The Court has been unable to find any case directly in point which has been called upon to interpret Section 2679, Title 28 U.S.C.A., as concerns the facts here presented; nor has any case been cited.

The Court must, accordingly, look to other statutory enactments in order to determine the probable intent of the Congress in enacting the statute.

Under the provisions of Section 1441 (c), Title 28 U.S.C.A., the federal district courts are granted a measure of discretion to determine whether under certain circumstances causes, although not otherwise removable, should be tried with causes which are removable when they are joined with such removable causes, or whether the Court should remand all matters not otherwise within its original jurisdiction.
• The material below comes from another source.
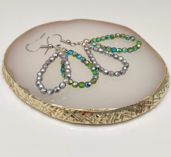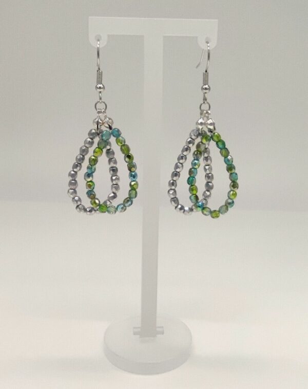 Visiace náušnice zeleno-strieborné

Section 1441(c) provides as follows:

 
"Whenever a separate and independent claim or cause of action, which would be removable if sued upon alone, is joined with one or more otherwise non-removable claims or causes of action, the entire case may be removed and the district court may determine all issues therein, or, in its discretion, may remand all matters not otherwise within its original jurisdiction."

The Court is of the opinion that this entire cause, both as to the government employee and as to the non-government employee, was properly removed to this Court. It is further of the opinion that where, as here, a cause of action not otherwise removable is joined with a removable cause of action, then it behooves the court to determine whether justice may more properly be served by retaining jurisdiction of the entire matter or by remanding to the state courts for their determination those matters which would not be removable if sued upon alone. The Court finds that since this cause was properly removed to this Court and since the cause must be tried by the Court as to one of the defendants, the ends of justice may more properly be served by the Court retaining jurisdiction of the entire matter and determining all of the issues at one trial rather than by imposing upon the plaintiffs the necessity of two separate trials and causing the unnecessary expense of duplicate trials.

The Court will exercise its discretion in this matter and retain jurisdiction of the entire cause.

The motion to remand of defendant Thomas Huffman, Administrator of the Estate of Bobbie Lou Huffman, deceased, will be denied.